The first metric is the number of items (Selection). This is the result of mapping articles to the content gap, and it stands out as the most obvious and necessary metric. Editors need to know the number of articles created for a specific category or the imbalance between two (i.e., men biographies vs women biographies).
The second metric is a compound-quality score, which indicates the degree of completion of an article. This is a compound metric which encompasses length, # sections, # images, among other aspects. Compound metrics can be a good solution for certain dimensions. e.g., in Extent, in which a single indicator like length (in number of Bytes) might be valuable but too similar to number of references or number of images.

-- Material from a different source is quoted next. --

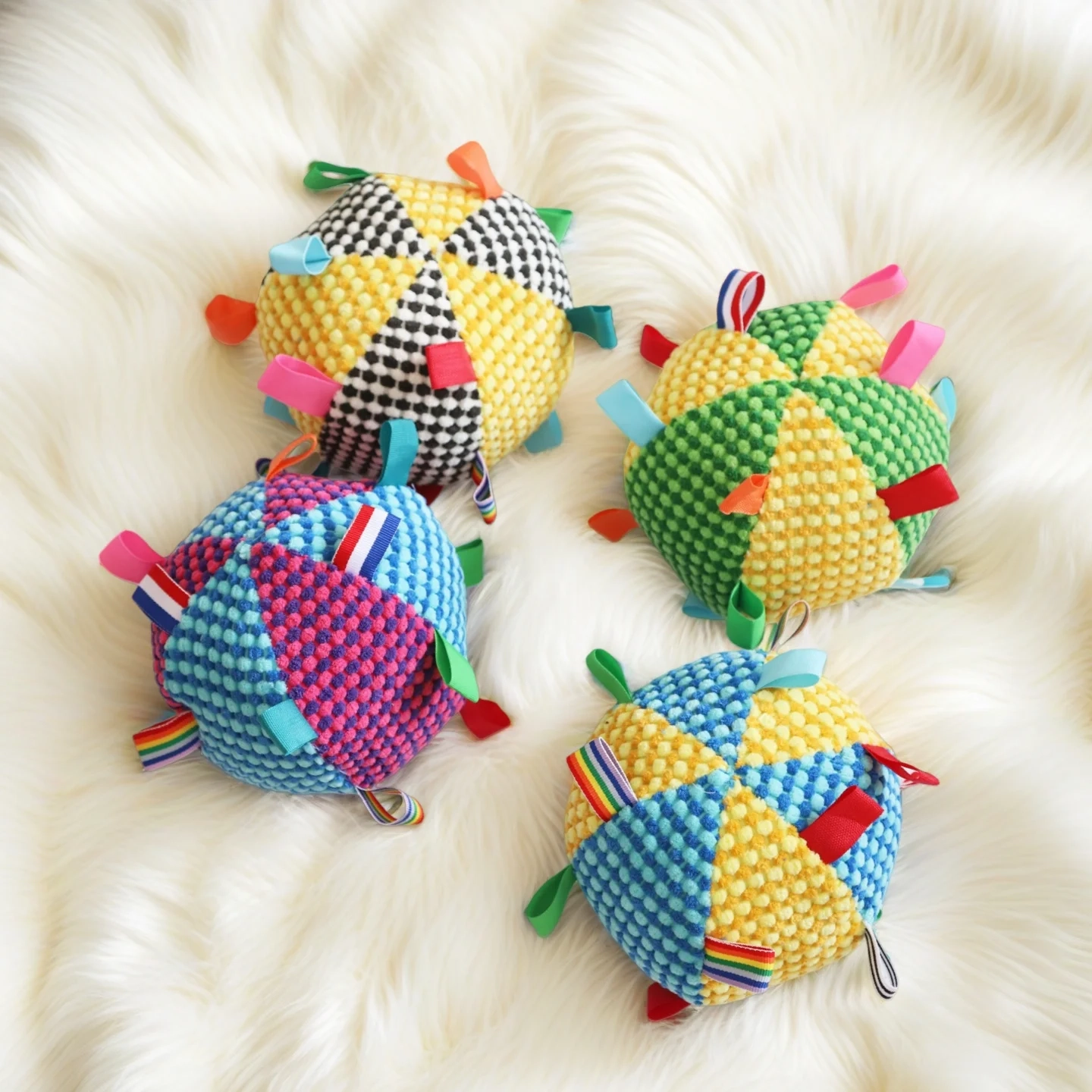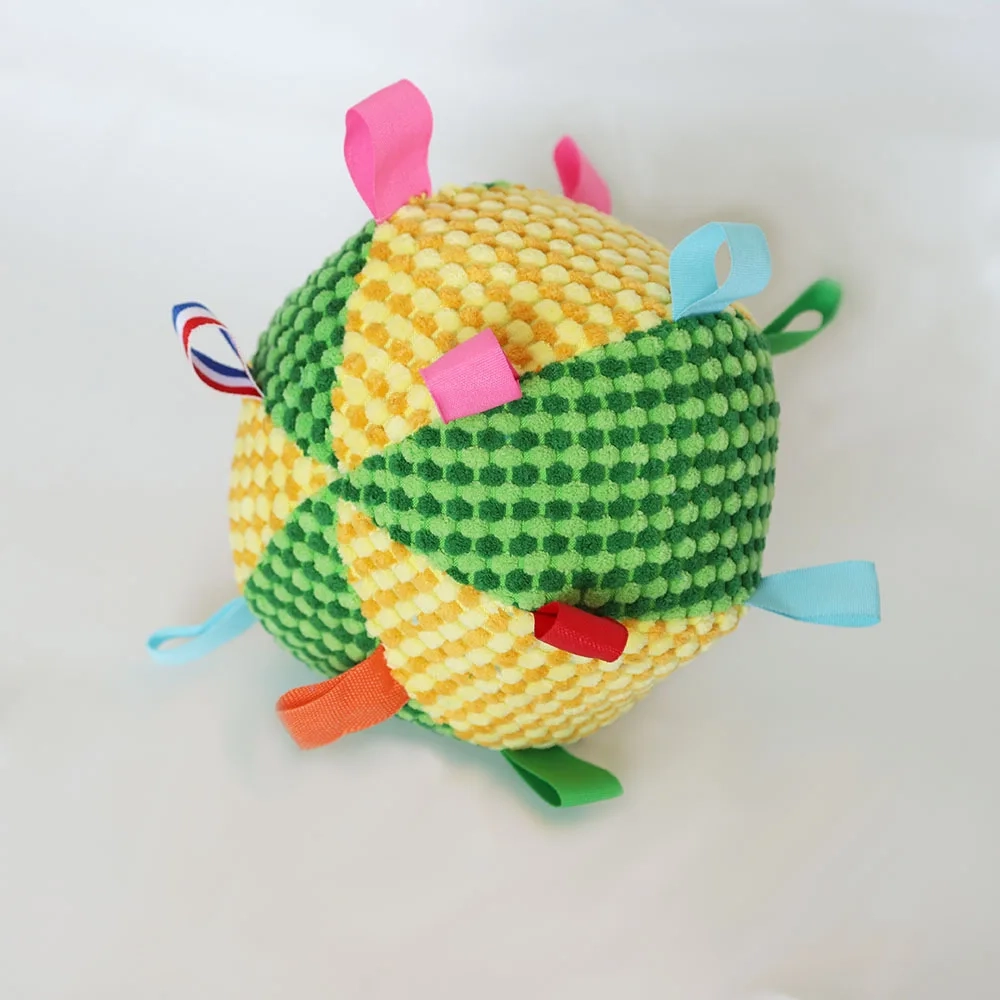 Add a softer touch to your dog’s daily play routine with this fabric ball toy designed for tossing, chewing, and interactive fun. Its lightweight soft-texture design makes it easy for dogs to grab, carry, and chase, making it a playful option for indoor games and everyday activity. The built-in bell adds extra sound stimulation during play, helping keep dogs engaged while encouraging movement and curiosity. Available in multiple color options, it is a fun everyday toy for dogs that enjoy fetch-style play, light chewing, and active bonding time.

Therefore, we risk not having orthogonality.
Here we find some tension between what the community would like (“actionability”) and scientific maturity, which tends to create scores. We lean towards the second, as choosing an actionable metric (e.g., number of sources, which fits very well with certain campaigns) may not be enough. Community members work on various aspects.
The third metric is visibility, which is the percentage of articles for each category of a gap that are visible in the Main Page. This has been requested for the Main Page, although it would also make sense to explore its implementation in the Featured Articles, considering that these reviewed articles with a quality distinction that obtain some extra visibility in the project.
These metrics are implemented and can be seen in the form of visualizations.
Unaddressed aspects
[edit]Some very valuable aspects of the content gaps were mentioned in the interviews and have not been addressed.
They would require new original research beyond the scope of this project and will be addressed in the future.
- Deletion process (deletionability)
- Engagement (power dynamics behind the article edit history)
- Different types of references (authority sources)
References
[edit]- ↑ Wagner, Claudia; Garcia, David; Jadidi, Mohsen; Strohmaier, Markus (2015-04-21). "It's a Man's Wikipedia? Assessing Gender Inequality in an Online Encyclopedia". Ninth International AAAI Conference on Web and Social Media. Ninth International AAAI Conference on Web and Social Media.
- ↑ Beytía, P., & Wagner, C. (2021). Visibility Layers: A Framework for Facing the Complexity of the Gender Gap in Wikipedia Content. Available at SSRN 3774293.